SurfaceFlinger is one of Android native servers.

It just composes all the surfaces for different applications and send the final composed surface to the framebuffer.

Following is what SurfaceFlinger does:
a. Provide system-wide surface “composer”, handling all surface rendering to framebuffer device.
b. Can combine 2D and 3D surfaces and surfaces from multiple applications
c. Surfaces passed as buffers via Binder IPC calls
d. Can use OpenGL ES and 2D hardware accelerator for its compositions
e.

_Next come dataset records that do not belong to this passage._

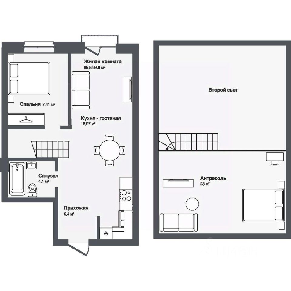 В комплексе представлены студии и 13-комнатные квартиры площадью от 30,2 до 91,9 м². Планировки продуманы для удобной жизни — просторные кухни-гостиные, террасы и панорамные окна наполняют квартиры светом.
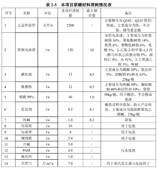 根據(jù)企業(yè)提供的資料,本項目電泳采用水性電泳漆,電泳漆固化后成膜厚度約0.1mm,干漆膜密度以1.25g/cm3計。電泳漆利用率以100%計,則本項目所需電泳漆固體份用量為55t/a。根據(jù)業(yè)主提供的電泳漆MSDS 資料,電泳漆固含量約55%,則理論上需要電泳漆100t/a,本項目電泳漆總用量為120t/a,可以匹配實際需求。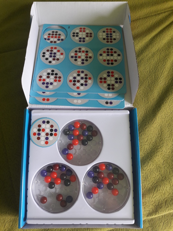 В наборе идет 3 круглые коробочки с шариками и 36 карточек с заданиями.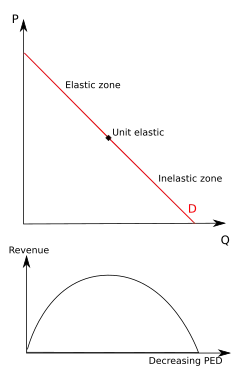 A imagem de cima permite-nos ocncluir que existem diferentes elasticidades nos diferentes pontos da curva. Se considerarmos um ponto A e um ponto B ambos na partte superior da curva concluímos que a passagem de A para B diminui o preço contudo, o aumento da quantidade é tal que a receita sobe! Da mesma forma se considerarmos um ponto C e um ponto D na parte inferior da curva, a passagem de C para D vai conduzir também a uma diminuição do preço. Contudo o aumento da quantidade não é suficiente para o compensar pelo que a receita diminui.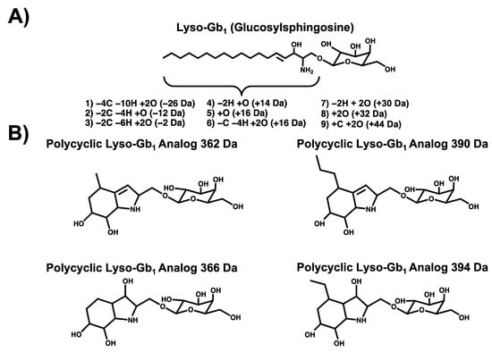 Figure 1. Potential GD biomarkers highlighted in urine specimens: (A) lyso-Gb1 chemical structure with structural modifications observed on the sphingosine moiety in lyso-Gb1 analogs; (B) Polycyclic lyso-Gb1 analog chemical structures [22].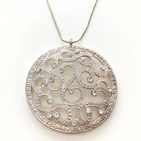 Accessorize smykke i stål med rundt anheng dekorert med krystall, til dame. Anhenget har et detaljert mønster på forsiden og en strukturert bakside. Kjedet er i stål med forlengelseskjede og karabinlås for justerbar lengde. Egner seg som hverdags- eller tilbehørssmykke til ulike antrekk. Kjedet er ca 86 cm langt.
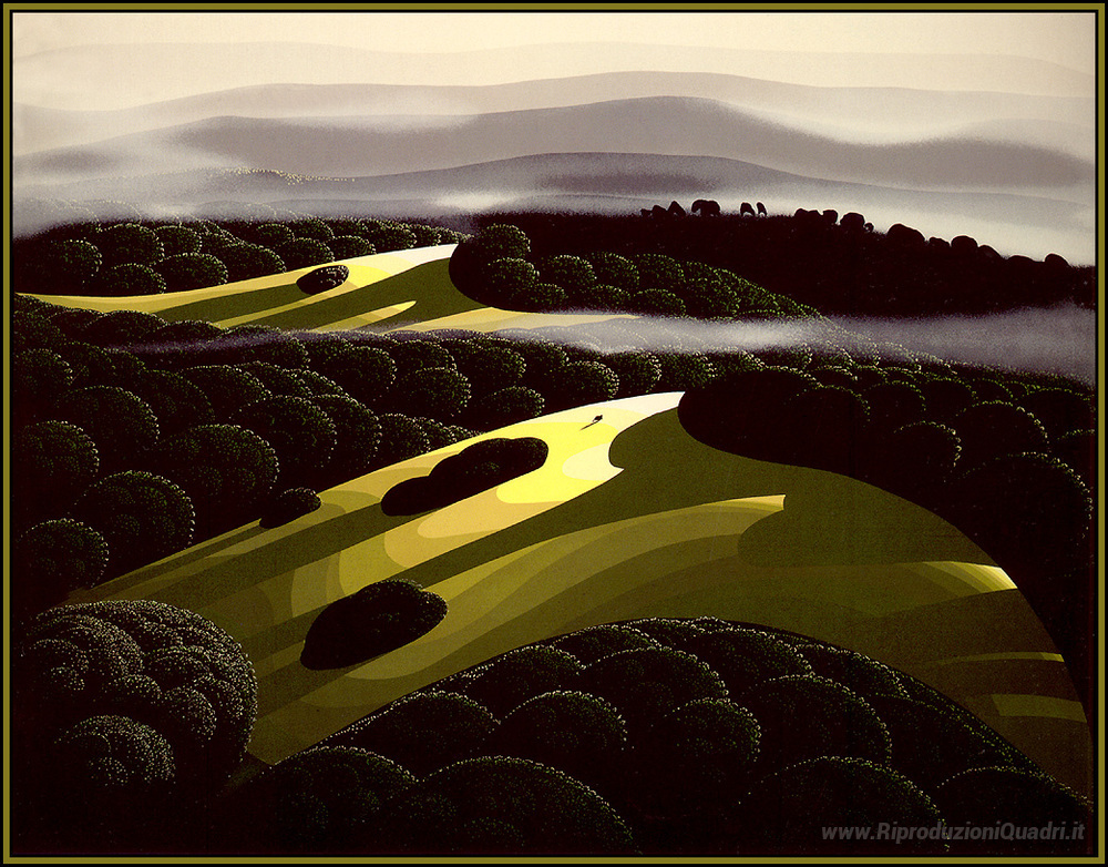 Ti offriamo una riproduzione artigianale su tela dell'opera famosa 'Delle Colline e Valli' di Eyvind Earle, dal Museo delle Riproduzioni.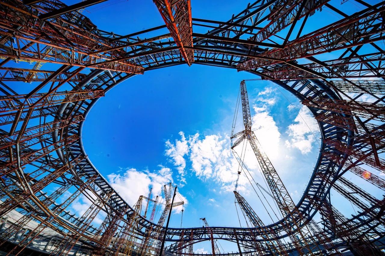 屋盖钢结构共包含88榀桁架,单榀钢桁架重约200吨,起吊高度超60米,相当于将一头成年蓝鲸提升20层楼。且精度要求在5毫米以内,对于构件强度与吊装精度都提出了较大挑战。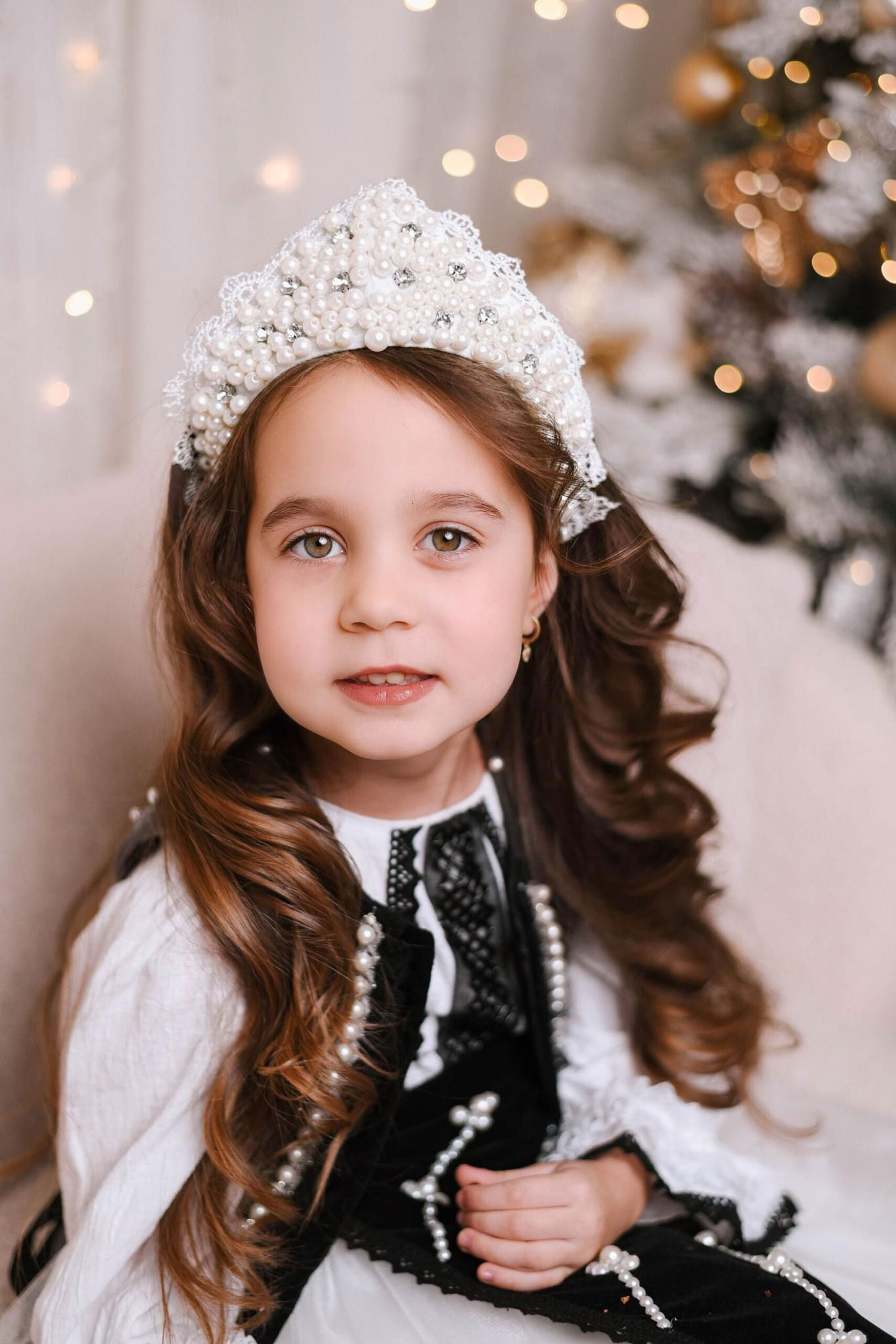 Poți adăuga produsului un accesoriu pe cap deosebit, o coroană realizată din perle care îi conferă ținutei un aer regal, completând perfect look-ul tradițional.

Double-buffering using page-flip

2. SurfaceFlinger Initialization

If you look at SurfaceFlinger.cpp, SurfaceFlinger class is inherited from Thread class. It means when it’s created,it will stay in a loop waiting for events.

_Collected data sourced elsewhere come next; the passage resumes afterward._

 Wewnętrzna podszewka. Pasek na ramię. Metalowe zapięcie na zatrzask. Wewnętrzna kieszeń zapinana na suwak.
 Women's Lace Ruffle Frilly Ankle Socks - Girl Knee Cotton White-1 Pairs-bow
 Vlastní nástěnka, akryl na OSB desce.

Before it waits for events in threadLoop(), readyToRun() gets called for initialization. (refer to Thread::_threadLoop())

status_t SurfaceFlinger::readyToRun()

{

LOGI( "SurfaceFlinger's main thread ready to run. "

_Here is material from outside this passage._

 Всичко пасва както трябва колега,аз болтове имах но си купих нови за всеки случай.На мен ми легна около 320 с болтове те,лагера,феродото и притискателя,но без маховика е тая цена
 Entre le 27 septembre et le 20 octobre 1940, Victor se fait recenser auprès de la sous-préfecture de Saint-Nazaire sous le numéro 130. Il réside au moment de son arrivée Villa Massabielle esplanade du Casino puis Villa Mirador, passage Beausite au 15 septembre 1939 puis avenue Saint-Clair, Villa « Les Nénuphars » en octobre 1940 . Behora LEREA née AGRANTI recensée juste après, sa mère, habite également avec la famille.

"Initializing graphics H/W...");

// we only support one display currently

int dpy = 0;

{

// initialize the main display

GraphicPlane& plane(graphicPlane(dpy));

DisplayHardware* const hw = new DisplayHardware(this, dpy);

plane.setDisplayHardware(hw);

}

...

// Initialize OpenGL|ES

glPixelStorei(GL_UNPACK_ALIGNMENT, 4);

glPixelStorei(GL_PACK_ALIGNMENT, 4);

glEnableClientState(GL_VERTEX_ARRAY);

glEnable(GL_SCISSOR_TEST);

glShadeModel(GL_FLAT);

glDisable(GL_DITHER);

glDisable(GL_CULL_FACE);

...

}

/*

* Initialize the display to the specified values.

*

*/

DisplayHardware::DisplayHardware(

const sp<SurfaceFlinger>& flinger,

uint32_t dpy)

: DisplayHardwareBase(flinger, dpy),

mFlags(0)

{

init(dpy);

}

void DisplayHardware::init(uint32_t dpy)

{

...

// initialize EGL

EGLint attribs[] = {

EGL_SURFACE_TYPE, EGL_WINDOW_BIT,

EGL_NONE, 0,

EGL_NONE

};

...

EGLDisplay display = eglGetDisplay(EGL_DEFAULT_DISPLAY);

eglInitialize(display, NULL, NULL);

eglGetConfigs(display, NULL, 0, &numConfigs);

....

/*

* Create our main surface

*/

surface = eglCreateWindowSurface(display, config, mNativeWindow.get(), NULL);

eglQuerySurface(display, surface, EGL_WIDTH, &mWidth);

eglQuerySurface(display, surface, EGL_HEIGHT, &mHeight);

}

Following is what init() does:

1. EGL initialization
ESL is needed in order to support OpenGL ES by making connection to Native Window system.

2. Create a surface

EGL’s three types of surface:
windows: used for onscreen rendering (framebuffer)
pbuffers: used for offscreen rendering
pixmaps: used for offscreen rendering through native API

static int mapFrameBuffer(struct private_module_t* module)//hardware/*
-> open fb device
-> obtain FSCREEN_INFO and VSSCREEN_INFO
-> get buffer pointer that you can use to access fb device through mmap()

3. Create OpenGL ES Context

4. Gather OpenGL ES

5. Initialize HW Modules(copybit, overlay)
- copybit supports bitblt and stretchbitblt.
it is basically used for frequent operations when drawing such as copying and scaling.